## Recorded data

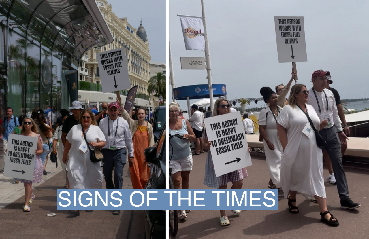 Clean Creatives did deploy some aggressive tactics, strolling along the Croisette on Wednesday behind Edelman CEO Richard Edelman with a placard reading: “This person works with fossil fuel clients.”
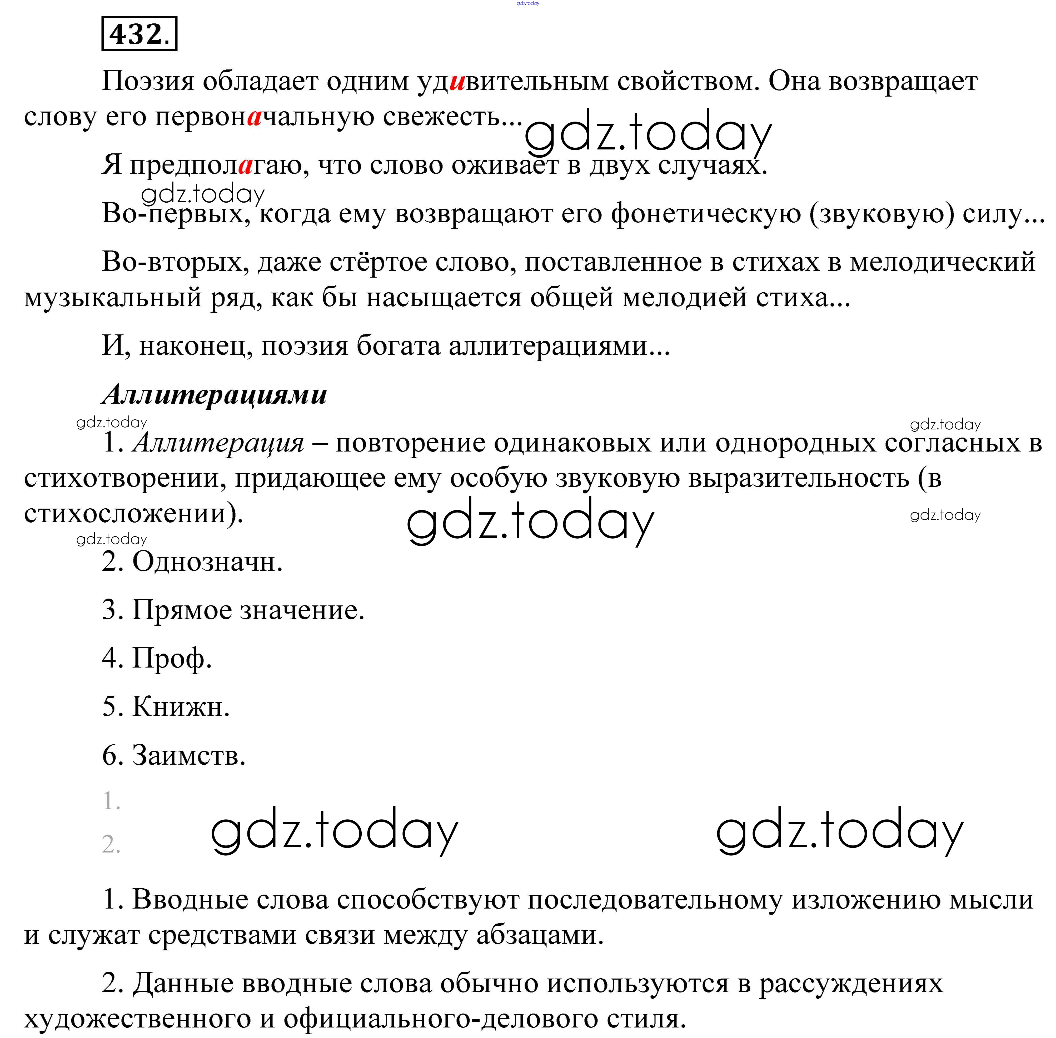 На страницах сайта gdz.today вы найдете учебный и вспомогательный материал, направленный на улучшения знаний школьной программы. ГДЗ - онлайн мир знаний Решение. Упражнения 432 Практике по Русскому языку для 8 класса Пичугов, Еремеева Дрофа, Дрофа Вертикаль 2016, 2022
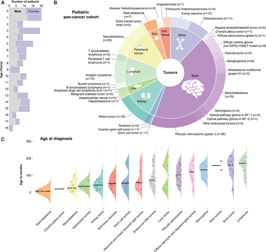 (A) 按诊断年龄划分的男孩和女孩的数量。(B) ISAC 研究中纳入的 n = 191 名儿童中 34 种肿瘤类型的分布。(C) 以中位数条显示每种肿瘤类型的诊断年龄分布。
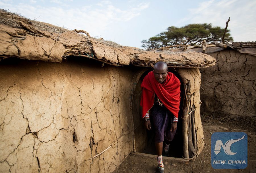 A Masai man walks out of a house at a Masai village in Amboseli National Park, Kenya, Jan. 9, 2018. (Xinhua/Lyu Shuai)
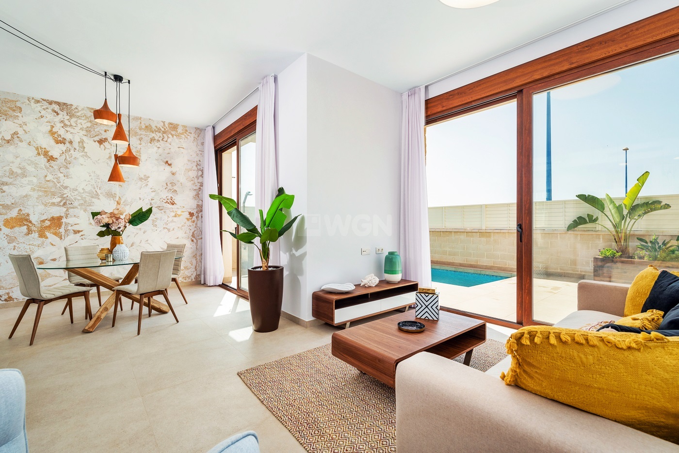 Otwarty salon-jadalnia z podwójnymi szklanymi drzwiami okiennymi.

## Aim of the exercise
Output the full set of records above without changing a word, and drop the images.

## Solution for this problem
 Clean Creatives did deploy some aggressive tactics, strolling along the Croisette on Wednesday behind Edelman CEO Richard Edelman with a placard reading: “This person works with fossil fuel clients.”
 На страницах сайта gdz.today вы найдете учебный и вспомогательный материал, направленный на улучшения знаний школьной программы. ГДЗ - онлайн мир знаний Решение. Упражнения 432 Практике по Русскому языку для 8 класса Пичугов, Еремеева Дрофа, Дрофа Вертикаль 2016, 2022
 (A) 按诊断年龄划分的男孩和女孩的数量。(B) ISAC 研究中纳入的 n = 191 名儿童中 34 种肿瘤类型的分布。(C) 以中位数条显示每种肿瘤类型的诊断年龄分布。
 A Masai man walks out of a house at a Masai village in Amboseli National Park, Kenya, Jan. 9, 2018. (Xinhua/Lyu Shuai)
 Otwarty salon-jadalnia z podwójnymi szklanymi drzwiami okiennymi.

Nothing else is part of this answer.